The work is an evaluation-type work, but an PLDI paper. The paper presents performance eval- uation of the reference locality of five popular memory allocators on five large allocation-intensive C programs. Why is locality important in memory allocators? The measurement in this paper demonstrated increased cache misses by allocators could increase program execution time by up to 25%.
The five evaluated allocators are FirstFit, GNU C++, BSD, GNU LOCAL and QUICKFIT. Introduction of them is ignored here. The paper traced executions of the five applications using the five allocators, and used these traces to measure page fault rate and cache miss rate.
Regarding page reference locality, the paper summarized a few conclusions. Reducing the amount of memory needed by an application has the greatest influence on the paging rate, which is obviously true. Thus, space efficient allocator is more important for co-run programs. Traces suggest that applications often have “S”-type curve relationships between memory needed and page fault rate. For FirstFit and GNU C++ allocators, they find free objects by traversing a liked-list type data structure and coalesce contiguous free objects. But, traversing a link list may cause poor locality since the nodes in a link list may be scattered throughout the virtual address space. This observation is important.
Regarding cache reference locality, two conclusions are appealing to me. The first is, as above, traversing a link list type data structure or coalescing contiguous objects is disastrous for cache locality, like in FirstFit and GNU C++. For an allocator carefully designed for locality, such as GNU LOCAL, the effect of locality design is not significant. Small caches cannot obtain enough of working set, so all allocators perform bad. For large caches, all allocators perform well due to working set is relatively small. Of course, “large”, “small” are relative. However, the specific locality design also incurs more program execution time, which negates cache miss degradation. Another conclusion is that boundary tags, that is meta-data in GNU ++, increase execution time by 0.1% to 1.1% or probably more due to cache miss penalty increases.
Last, the paper presents two inefficient design elements: One is search and coalescing in alloca- tors.

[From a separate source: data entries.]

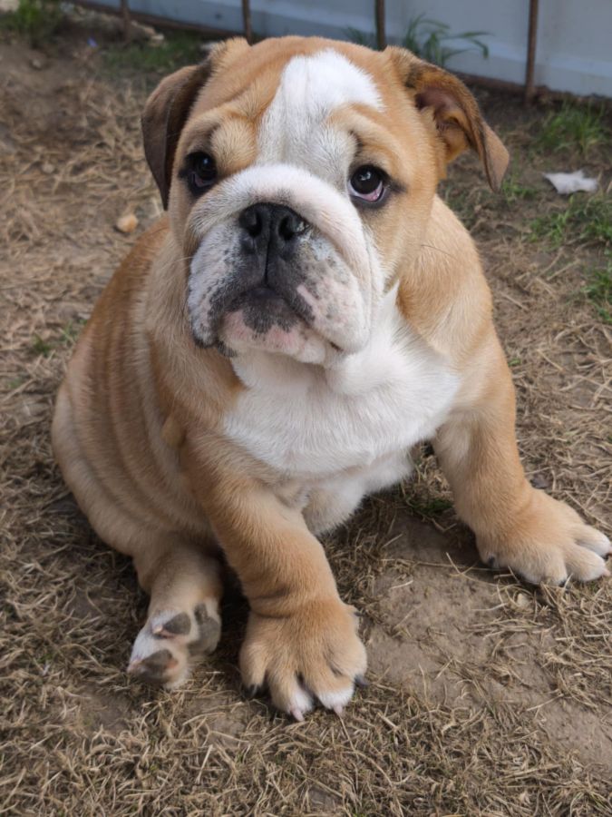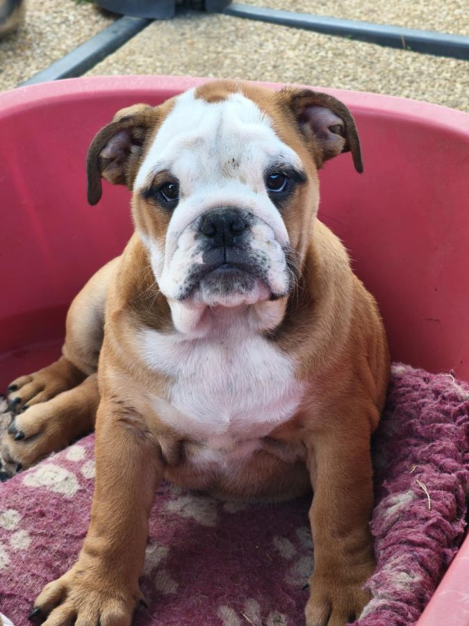 Chiots bulldog anglais lof, 1 mâle et 2 femelles nés le 17/05/2025.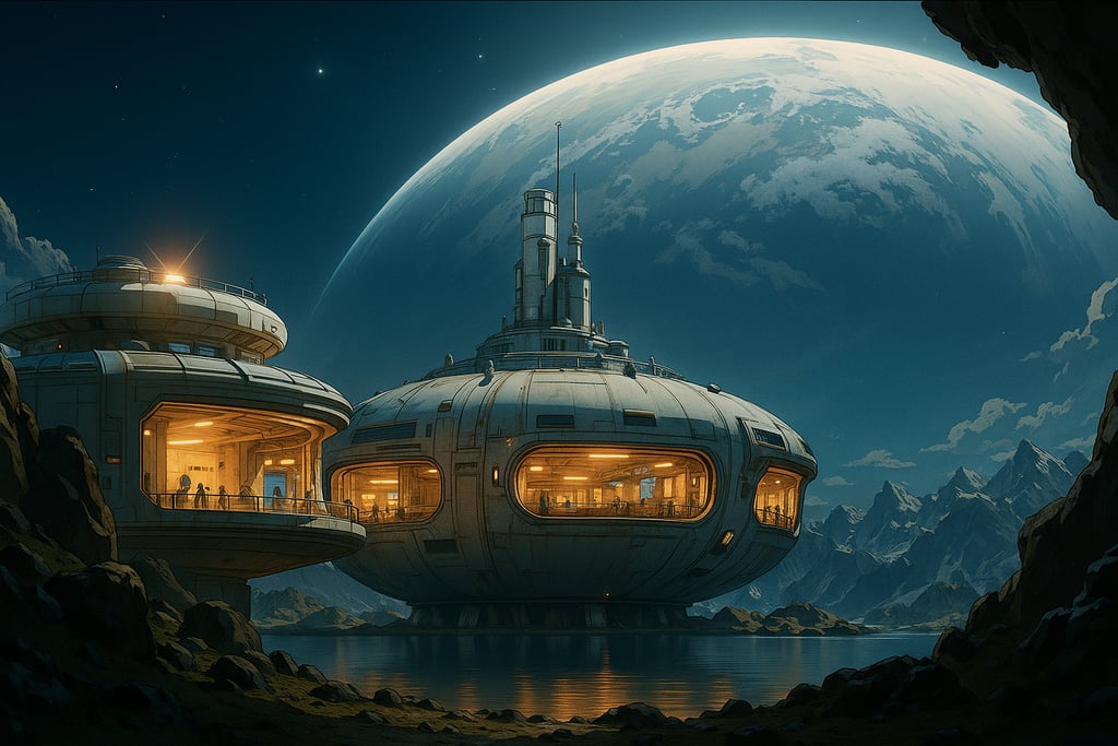 The vessel rose from the base camp in silence, cutting a clean line through clouds that did not resist. Below, the dome shrank into starlit memory a circle built for return, now left behind. He did not expect company. He did not ask for it. He had been alone before. He would be alone again.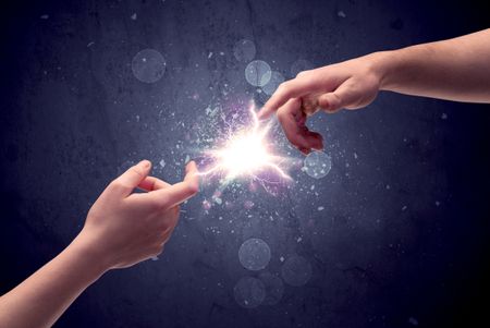 Two male hands reaching towards each other, almost touching with fingers, lighting spark in galaxy background concept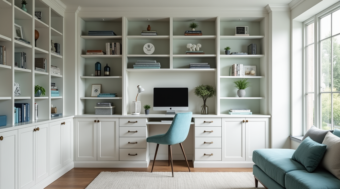 Now, the office feels both useful and pretty. Those built-in shelves aren’t just storage — they’re kind of the star of the room. Every time I walk in, I just feel happy seeing how put-together and calm it looks.

Like dlmalloc and ptmalloc, they use search for best-fit policy when allocating objects, which is for low fragmentation and coalescing for contiguous objects when de-allocating objects, which is for space efficient, also low fragmentation. The other one is explicit cache management. The reason is that carefully crafted allocators for locality don’t lower cache misses significantly. Even if the cache miss degradation is significant, due to small cache miss penalty, the performance gain cannot beat performance loss incurred by implementation of it.
Thinking about the state-of-the-art allocators, such as tcmalloc, jemalloc, etc, they really re- move search and coalescing operations, and don’t pay too many efforts on locality design with the exception of LIFO link lists for temporal locality. To be simple, a small locality effort, say 20%, in allocators already earns enough locality credits, say 80%.